> What to produce
Your answer must restate the listing below word for word and contain no images.

> Available data
######

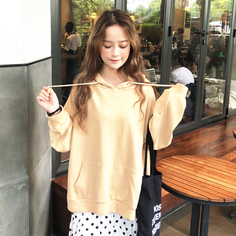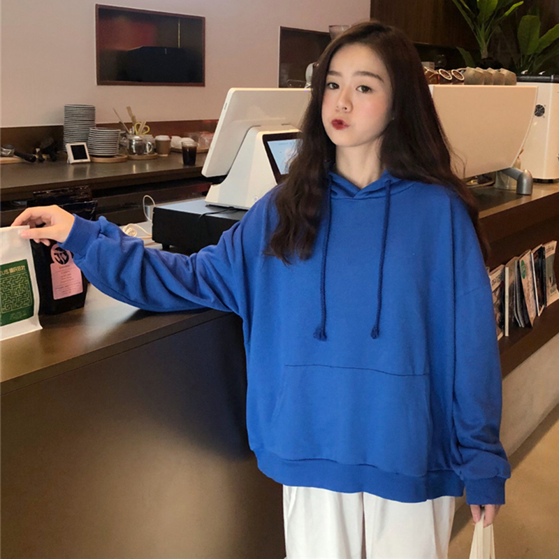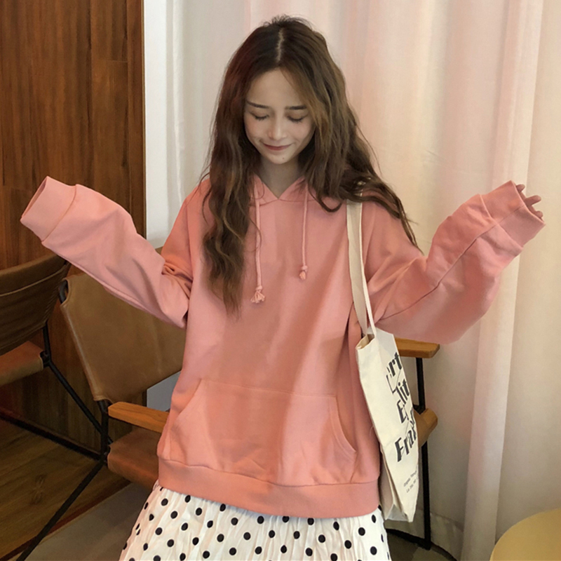純灰色衛衣女秋2018新款長袖藍色韓版慵懶風上衣紫色寬松連帽外套
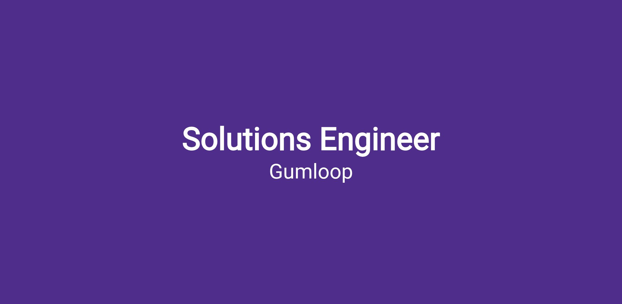 As a Solutions Engineer at Gumloop, you'll work directly with customers to turn their highest-value automation opportunities into production reality on our platform. You'll lead pilots and initial onboarding for new customers, partner with account teams to drive adoption and expansion, and serve as the technical authority from first conversation through scale. This is a hands-on, full-lifecycle role — you own outcomes, not just demos.
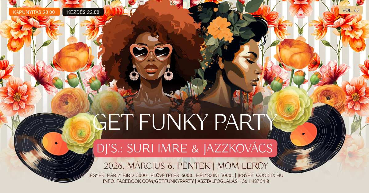 Get FUNKY Party a legjobb fekete zenékkel. D.J.'s: Suri Imre&Jazzkovács László.
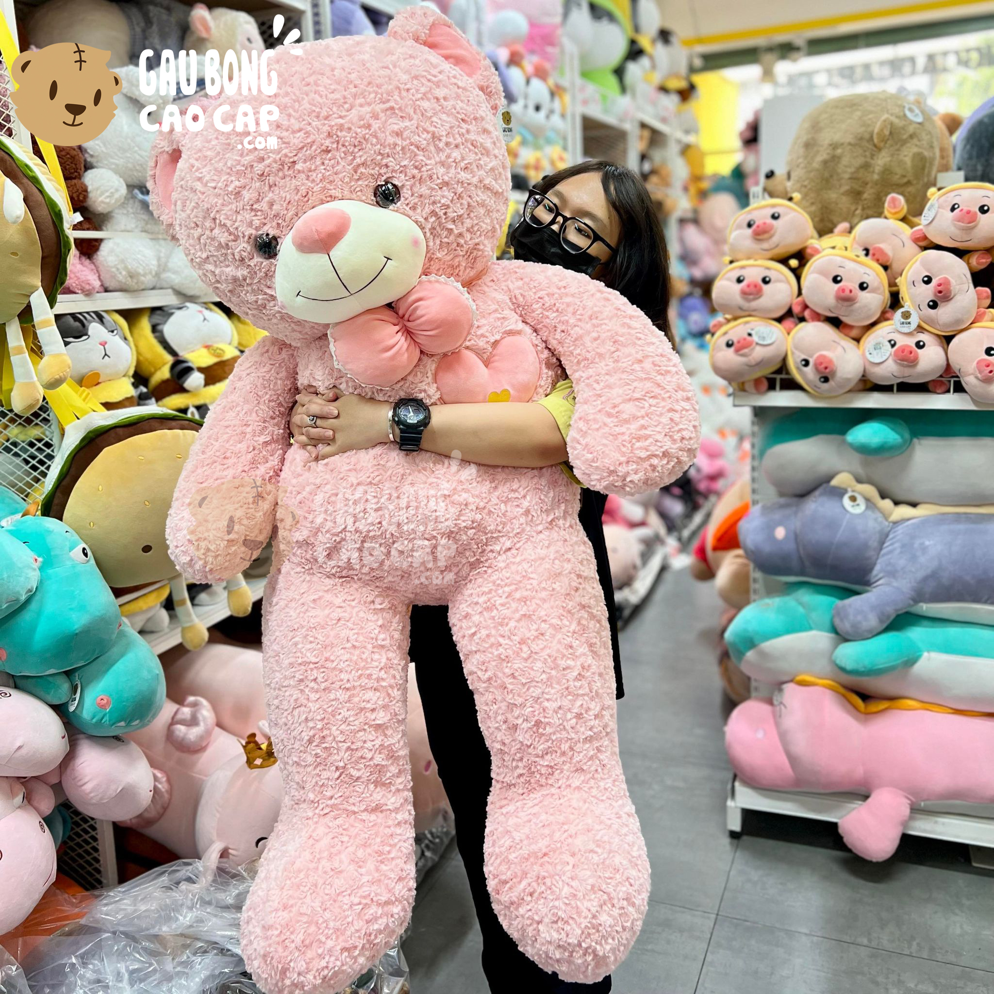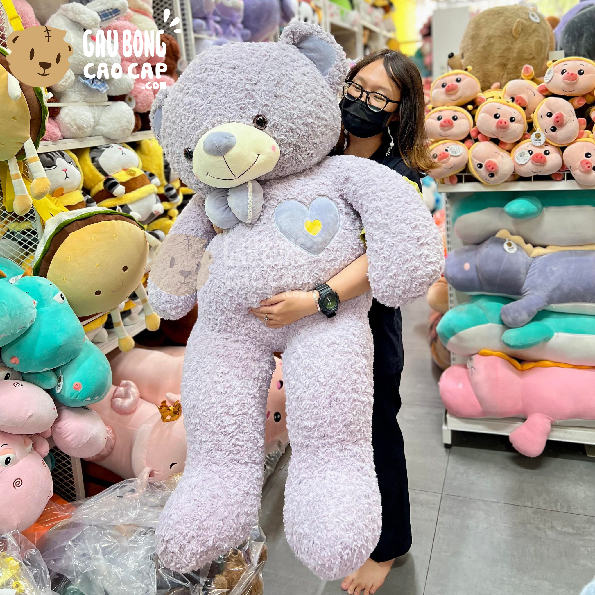 Gấu Teddy lông xoắn Ngực Tim đeo Nơ được thiết kế với 3 kích thước Gấu Bông lớn nhỏ khác nhau: 80cm, 95cm, 1m35

######

> Answer to this task
純灰色衛衣女秋2018新款長袖藍色韓版慵懶風上衣紫色寬松連帽外套
 As a Solutions Engineer at Gumloop, you'll work directly with customers to turn their highest-value automation opportunities into production reality on our platform. You'll lead pilots and initial onboarding for new customers, partner with account teams to drive adoption and expansion, and serve as the technical authority from first conversation through scale. This is a hands-on, full-lifecycle role — you own outcomes, not just demos.
 Get FUNKY Party a legjobb fekete zenékkel. D.J.'s: Suri Imre&Jazzkovács László.
 Gấu Teddy lông xoắn Ngực Tim đeo Nơ được thiết kế với 3 kích thước Gấu Bông lớn nhỏ khác nhau: 80cm, 95cm, 1m35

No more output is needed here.